- Canoeing pictogram
- Venue: Sea Forest Waterway
- Dates: 4 August 2021 (heats and quarterfinal) 5 August 2021 (semifinal & final)
- Competitors: 41 from 27 nations
- Winning time: 1:51.216

Medalists
- 1st place, gold medalist(s):  / Lisa Carrington / New Zealand
- 2nd place, silver medalist(s):  / Tamara Csipes / Hungary
- 3rd place, bronze medalist(s):  / Emma Jørgensen / Denmark

= Canoeing at the 2020 Summer Olympics – Women's K-1 500 metres =

The women's K-1 500 metres sprint canoeing event at the 2020 Summer Olympics took place on 4 and 5 August 2021 at the Sea Forest Waterway. At least 13 canoeists from at least 13 nations competed.

==Background==
This was the 19th appearance of the event, the only event to have appeared every Summer Games since the introduction of women's canoeing in 1948.

The reigning World Champion (who also won the 2015 World Championship and the bronze medal at the 2016 Games) is Lisa Carrington of New Zealand, who earned a place for her NOC and has been selected to compete. The reigning Olympic champion is Danuta Kozák of Hungary, who finished third at the World Championships to earn Hungary a quota place.

==Qualification==

A National Olympic Committee (NOC) could qualify one place in the event, though could enter up to 2 boats if it earned enough quota places through other women's kayak events.

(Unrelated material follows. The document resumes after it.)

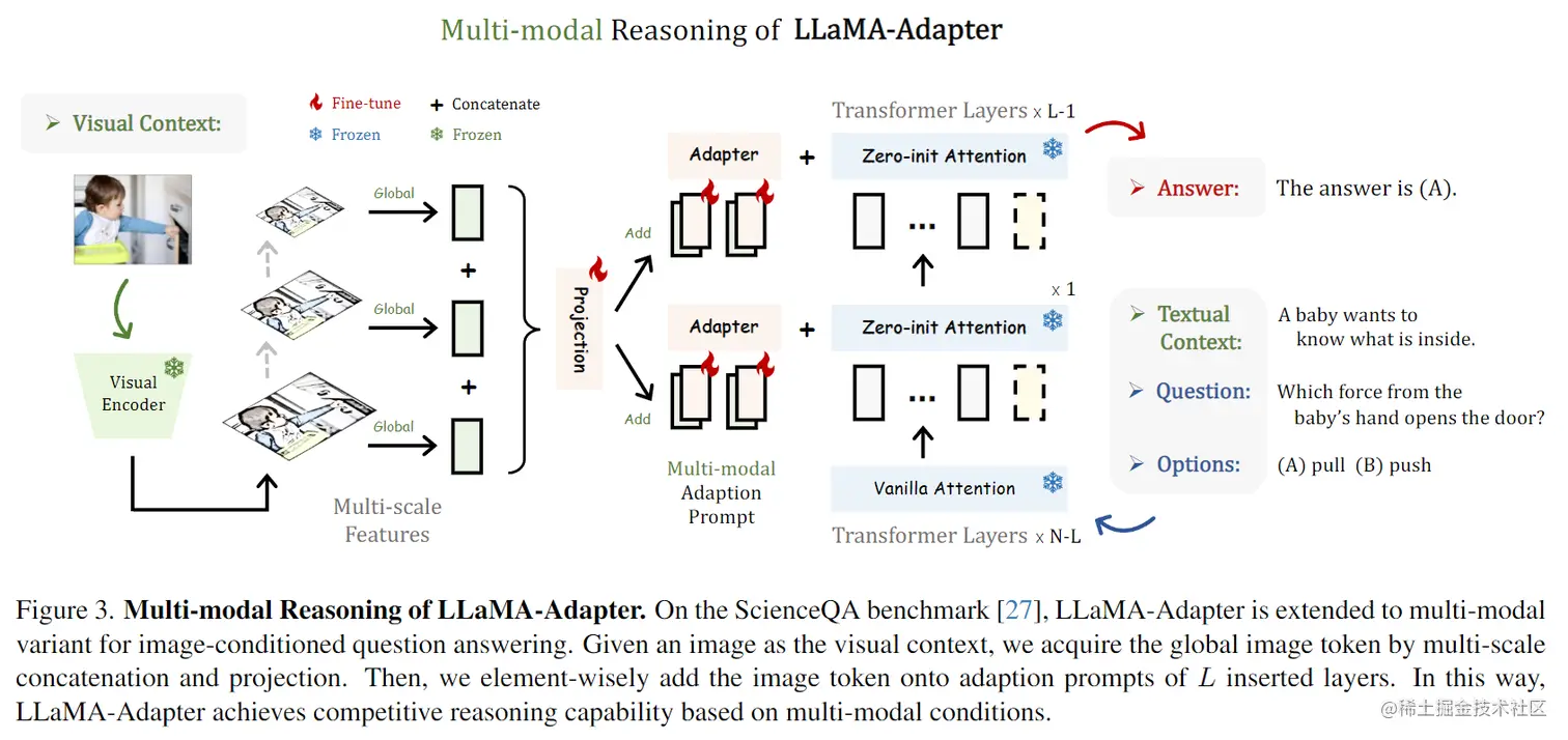 上图展示了LLaMA-Adapter在处理多模态输入上的框架图,在 ScienceQA 基准测试上,可将LLaMA-Adapter扩展为图像问答模式,在给定的图像视觉上下文中,通过多尺度连接和投影来获取全局图像 token。然后对插入层L的适应提示逐元素加上图像 token。通过这种方式,LLaMA-Adapter 模型在基于多模态输入下实现了有竞争力的生成结果。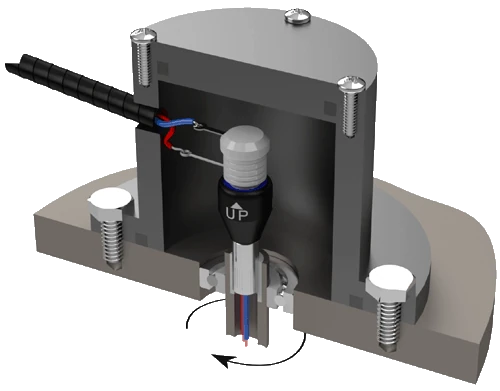 Se utiliza un receptáculo para montarlo en el dispositivo giratorio. Los accesorios son necesarios para las conexiones de cables, ya que las unidades Mercotac no se pueden soldar directamente. Ordene por separado.

A total of 13 qualification places were available, initially allocated as follows:

- 1 place for the host nation, provided it qualified no other women's kayak places
- 5 places awarded through the 2019 ICF Canoe Sprint World Championships
- 6 places awarded through continental tournaments, 1 per continent except 2 places for Europe
- 1 place awarded through the 2021 Canoe Sprint World Cup Stage 2.

Qualifying places were awarded to the NOC, not to the individual canoeist who earned the place.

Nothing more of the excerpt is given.